Data for analysis »

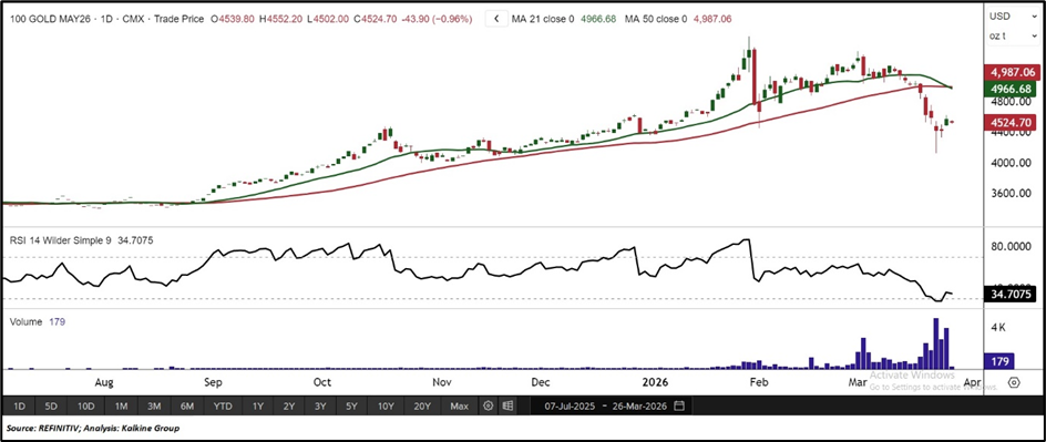 From a technical perspective, Gold (COMEX) is currently trading near USD 4,524.70, declining around 0.96%, and remains below its 21-day Simple Moving Average USD 4966.66 and 50-day Simple Moving Average USD 4,987.06, reflecting a weak broader price structure. The chart shows a sequence of lower highs and lower lows, indicating an ongoing corrective phase. However, a mild rebound from recent lows suggests early signs of stabilisation. The 14-day RSI near 34.70 indicates recovery from oversold territory, pointing to gradually improving momentum. In the near term, support is seen around USD 4,200.00–USD 4,000.00, while resistance is placed near USD 4,800.00–USD 5,000.00.
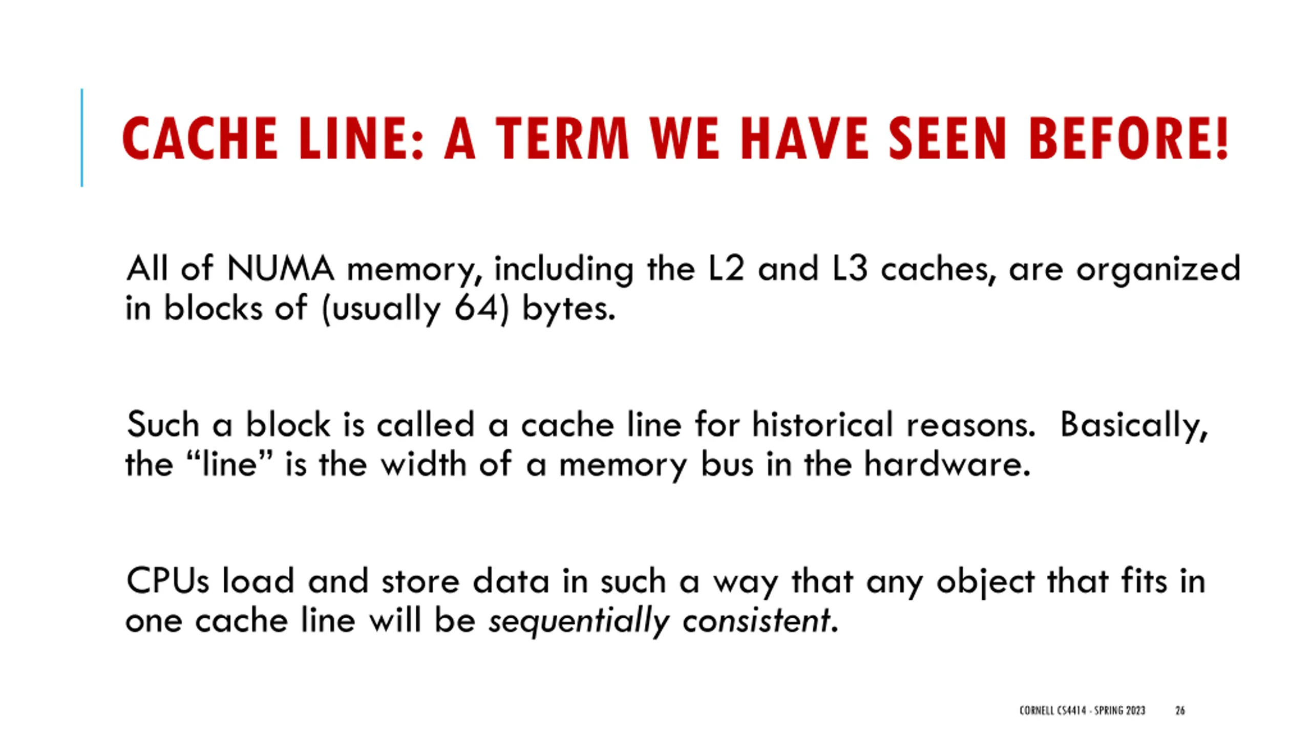 CACHE LINE: A TERM WE HAVE SEEN BEFORE! All of NUMA memory, including the L2 and L3 caches, are organized in blocks of (usually 64) bytes. Such a block is called a cache line for historical reasons. Basically, the line is the width of a memory bus in the hardware. CPUs load and store data in such a way that any object that fits in one cache line will be sequentially consistent. CORNELL CS4414 - SPRING 2023 26
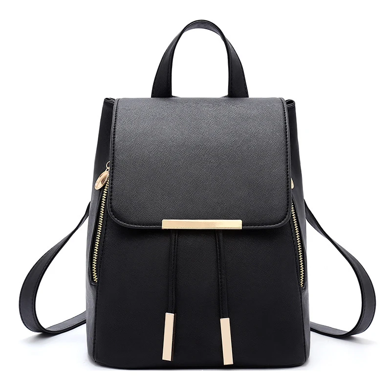 Рюкзак женский из искусственной кожи, черный, школьный, для девочек-подростков
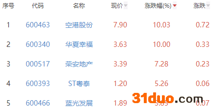 其中,空港股份、华夏幸福、荣安地产、ST粤泰和蓝光发展列板块涨幅榜前五位,涨幅分别为10.03%、10.00%、7.28%、5.26%和3.85%。
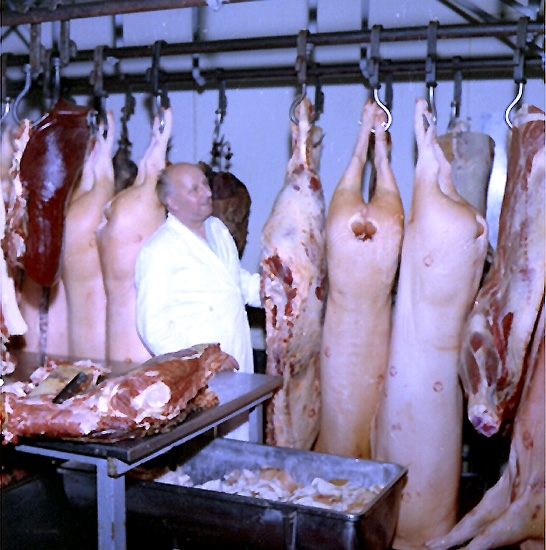 Robertsons Charkuteri, interiör av kylrummet, en man.
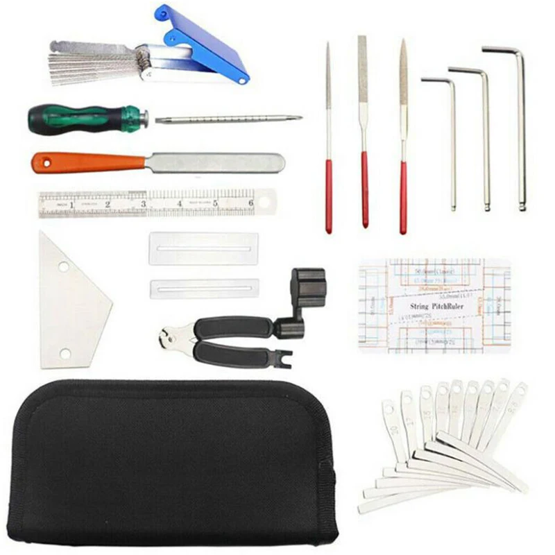 Дополнительные сведения: 1 * катушка, 1 * Выравнивающая линейка, 2 * Серебряная прокладка, 1 * линейка расстояния, 1 * оранжевая Лада файл, 3 * шлифовальный файл, 3 * гаечный ключ настройки, 1 * синяя отвертка, линейка 9 * T, линейка 1*15 см, 1 * синяя подушка для рояля, 1 * сумка для хранения
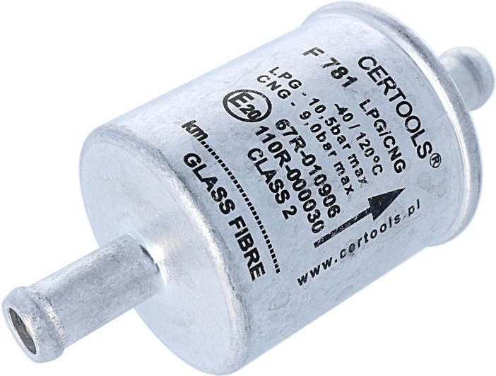 Opis produktu Filtr fazy lotnej CERTOOLS - F-781 11/11 mm (włókno szklane, jednorazowy) - jednorazowy filtr fazy lotnej F-781 firmy CERTOOLS. Opis zastosowania Filtr fazy lotnej CERTOOLS - F-781 11/11 mm (włókno szklane, jednorazowy) - stosowany w części niskociśnieniowej samochodowych instalacji gazowych IV generacji (sekwencyjnych wtryskach gazu w fazie lotnej), jednorazowy filtr fazy lotnej LPG lub CNG. Filtr fazy lotnej CERTOOLS - F-781 11/11 mm (włókno szklane, jednorazowy) - montowany pomiędzy reduktorem, parownikiem a listwą wtryskiwaczy LPG chroni je przed mogącymi pojawić się w fazie lotnej LPG zanieczyszczeniami. Dane techniczne Filtr fazy lotnej CERTOOLS - F-781 11/11 mm (włókno szklane, jednorazowy): typ - F-781, jednostronnie zaciskany, jednorazowy (z niewymiennym wkładem) zespół filtra LPG i CNG fazy lotnej, materiał obudowy - stop aluminium, długość całkowita - 98 mm, średnica króćca wejścia gazu - 11 mm, średnica króćca wyjścia gazu - 11 mm, materiał wkładu filtracyjnego - włókno szklane, kierunek przepływu gazu - określony na obudowie, ciśnienie kwalifikacyjne - 450 kPa, temperatura pracy - od -40 do 120 stopni C, homologacja na LPG - E20-67R-010906, homologacja na CNG - E20-110R-000030, zalecana wymiana - co 20 tys. km lub zgodnie z wymaganiami producenta. Cechy produktu Typ filtra: jednorazowy Wkład: włókno szklane Wejście: 11 mm Wyjście: 11 mm Obudowa: metal Sposób montażu: na przewodzie Informacje dodatkowe Kod produktu Nagaz: 32.CRT.886 Producent: CERTOOLS Kod producenta: 55-781-01111SG Numer homologacji: E20-67R-010906
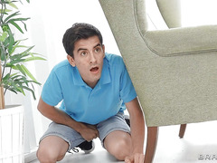 Sapphire Lapiedra is shopping for new furniture at Amy Amor's store, and as we soon find out, Sapphire has a very particular way of testing out her potential new purchases! While Amy is at the computer looking through her inventory, Sapphire grinds her sweet ass and pussy on a clear table, wanting to make sure it's sturdy and comfortable to fuck on, of course! Enter Jordi, who can't believe his eyes when he sees a gorgeous babe, tits out and getting herself off. He peeps on Sapphire, and when Amy sees what her customer is up to, things get really wild as the two engage in lesbian sex. Jordi can't contain himself, jerking off and cumming on a sofa, until he is caught by the angry and horny store owner! Amy and Sapphire pull him into an intense threesome, oiling up their titties and smothering Jordi's face with them, fucking him in every which way until they're left covered with his cum.
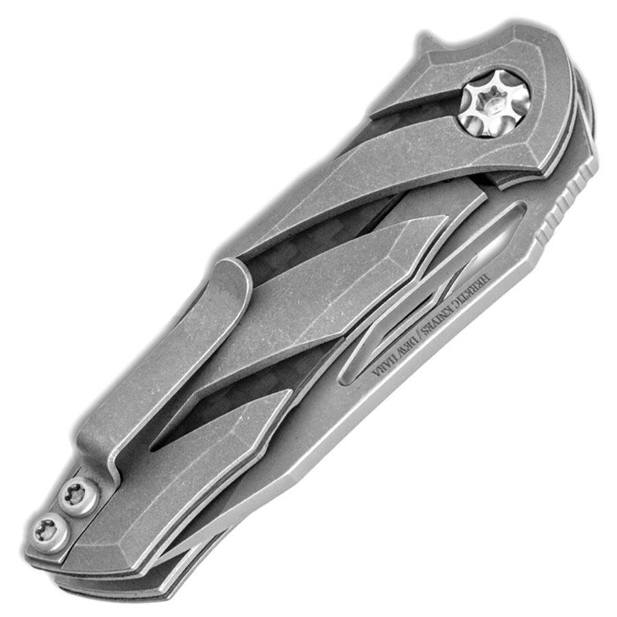 This model features battleworn titanium handle scales with a carbon fiber underlay. Battleworn finished CPM-S35VN stainless steel recurve tanto blade. Satin finished pivot and barrel spacer. Battleworn finished pocket clip. The blade is etched with the Heretic logo, serial number, and model information. Brand new in box with Heretic Knives cloth bag.

Assigned task »
Quote the data above in full, leaving out the pictures it holds.

Task output »
 From a technical perspective, Gold (COMEX) is currently trading near USD 4,524.70, declining around 0.96%, and remains below its 21-day Simple Moving Average USD 4966.66 and 50-day Simple Moving Average USD 4,987.06, reflecting a weak broader price structure. The chart shows a sequence of lower highs and lower lows, indicating an ongoing corrective phase. However, a mild rebound from recent lows suggests early signs of stabilisation. The 14-day RSI near 34.70 indicates recovery from oversold territory, pointing to gradually improving momentum. In the near term, support is seen around USD 4,200.00–USD 4,000.00, while resistance is placed near USD 4,800.00–USD 5,000.00.
 CACHE LINE: A TERM WE HAVE SEEN BEFORE! All of NUMA memory, including the L2 and L3 caches, are organized in blocks of (usually 64) bytes. Such a block is called a cache line for historical reasons. Basically, the line is the width of a memory bus in the hardware. CPUs load and store data in such a way that any object that fits in one cache line will be sequentially consistent. CORNELL CS4414 - SPRING 2023 26
 Рюкзак женский из искусственной кожи, черный, школьный, для девочек-подростков
 其中,空港股份、华夏幸福、荣安地产、ST粤泰和蓝光发展列板块涨幅榜前五位,涨幅分别为10.03%、10.00%、7.28%、5.26%和3.85%。
 Robertsons Charkuteri, interiör av kylrummet, en man.
 Дополнительные сведения: 1 * катушка, 1 * Выравнивающая линейка, 2 * Серебряная прокладка, 1 * линейка расстояния, 1 * оранжевая Лада файл, 3 * шлифовальный файл, 3 * гаечный ключ настройки, 1 * синяя отвертка, линейка 9 * T, линейка 1*15 см, 1 * синяя подушка для рояля, 1 * сумка для хранения
 Opis produktu Filtr fazy lotnej CERTOOLS - F-781 11/11 mm (włókno szklane, jednorazowy) - jednorazowy filtr fazy lotnej F-781 firmy CERTOOLS. Opis zastosowania Filtr fazy lotnej CERTOOLS - F-781 11/11 mm (włókno szklane, jednorazowy) - stosowany w części niskociśnieniowej samochodowych instalacji gazowych IV generacji (sekwencyjnych wtryskach gazu w fazie lotnej), jednorazowy filtr fazy lotnej LPG lub CNG. Filtr fazy lotnej CERTOOLS - F-781 11/11 mm (włókno szklane, jednorazowy) - montowany pomiędzy reduktorem, parownikiem a listwą wtryskiwaczy LPG chroni je przed mogącymi pojawić się w fazie lotnej LPG zanieczyszczeniami. Dane techniczne Filtr fazy lotnej CERTOOLS - F-781 11/11 mm (włókno szklane, jednorazowy): typ - F-781, jednostronnie zaciskany, jednorazowy (z niewymiennym wkładem) zespół filtra LPG i CNG fazy lotnej, materiał obudowy - stop aluminium, długość całkowita - 98 mm, średnica króćca wejścia gazu - 11 mm, średnica króćca wyjścia gazu - 11 mm, materiał wkładu filtracyjnego - włókno szklane, kierunek przepływu gazu - określony na obudowie, ciśnienie kwalifikacyjne - 450 kPa, temperatura pracy - od -40 do 120 stopni C, homologacja na LPG - E20-67R-010906, homologacja na CNG - E20-110R-000030, zalecana wymiana - co 20 tys. km lub zgodnie z wymaganiami producenta. Cechy produktu Typ filtra: jednorazowy Wkład: włókno szklane Wejście: 11 mm Wyjście: 11 mm Obudowa: metal Sposób montażu: na przewodzie Informacje dodatkowe Kod produktu Nagaz: 32.CRT.886 Producent: CERTOOLS Kod producenta: 55-781-01111SG Numer homologacji: E20-67R-010906
 Sapphire Lapiedra is shopping for new furniture at Amy Amor's store, and as we soon find out, Sapphire has a very particular way of testing out her potential new purchases! While Amy is at the computer looking through her inventory, Sapphire grinds her sweet ass and pussy on a clear table, wanting to make sure it's sturdy and comfortable to fuck on, of course! Enter Jordi, who can't believe his eyes when he sees a gorgeous babe, tits out and getting herself off. He peeps on Sapphire, and when Amy sees what her customer is up to, things get really wild as the two engage in lesbian sex. Jordi can't contain himself, jerking off and cumming on a sofa, until he is caught by the angry and horny store owner! Amy and Sapphire pull him into an intense threesome, oiling up their titties and smothering Jordi's face with them, fucking him in every which way until they're left covered with his cum.
 This model features battleworn titanium handle scales with a carbon fiber underlay. Battleworn finished CPM-S35VN stainless steel recurve tanto blade. Satin finished pivot and barrel spacer. Battleworn finished pocket clip. The blade is etched with the Heretic logo, serial number, and model information. Brand new in box with Heretic Knives cloth bag.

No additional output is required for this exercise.